The Great Comfy Chair

by admin

The Classical Greek historian Hesiod once wrote “Without Strife, there can be no Greatness”. Hesiod wrote in a time when the Ancient World was striving to recover from the greatest collapse in all human history. War, famine, environmental devastation, economic ruin and societal dislocation had left the Mediterranean Basin, the Fertile Crescent and much of the surrounding realms a shadow of what it had been during the glories of the Bronze Age. But despite near catastrophe, peoples were rising out of the ashes and climbing slowly but doggedly towards a new birth of splendor during the Golden Ages of Greece and Rome. It is a lesson from our distant past that isn’t all that strange or inaccessible. The Modern World recovered almost miraculously from The Great War, the Great Depression and the Second World War in the 20th Century to see the unparalleled achievement and prosperity that we enjoy today. But has the cost of our success brought about the potential for a new disaster? Do we stand at the brink of a dark chasm created from the wealth and comfort that we now enjoy? The most likely answer is a resounding YES!

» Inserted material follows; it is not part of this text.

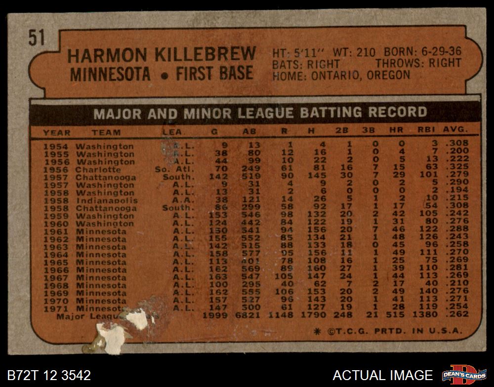 1972 Topps #51 Harmon Killebrew 1.5 - FAIR

It has often been stated that life is a journey, not a destination. Too often people are focused on getting somewhere, getting some thing or just getting past a place where they are without understanding a very clear principal. The basic premise in existence is that life is filled with challenges and difficulties. Each and every day brings its obstacles and every year has its fiery trials. People often look at problems and forget that troubles great and small are the very essence of the mosaic of life. Bad times help us to appreciate the good moments in life and savor them. Great tests, even disasters cause evolution to kick into high gear. But FAR more important than that is the lessons, the strength, the resourcefulness and the tenacity that tribulations of all types help to grow in us. Instead of trying to avoid problems or quickly move past them, it is the very quintessence of being human when we discover strategies and assimilate skills that pertain to how to solve problems. The failure of today, beyond our overly comfortable existence that has weakened our spirits, our resolve and inner fortitude, we have forgotten all the lessons of our cultural past that helped us move from one dogged fight to the next and be stronger for it.
The 1930s saw one of the greatest catastrophes strike the United States and the World, the Great Depression. It is a chapter of history that has become as ancient to modern Americans as the stories of the Pilgrims and yet people like me, whose parents were youngsters during the Depression, grew up on its stories and had its lessons passed on to us.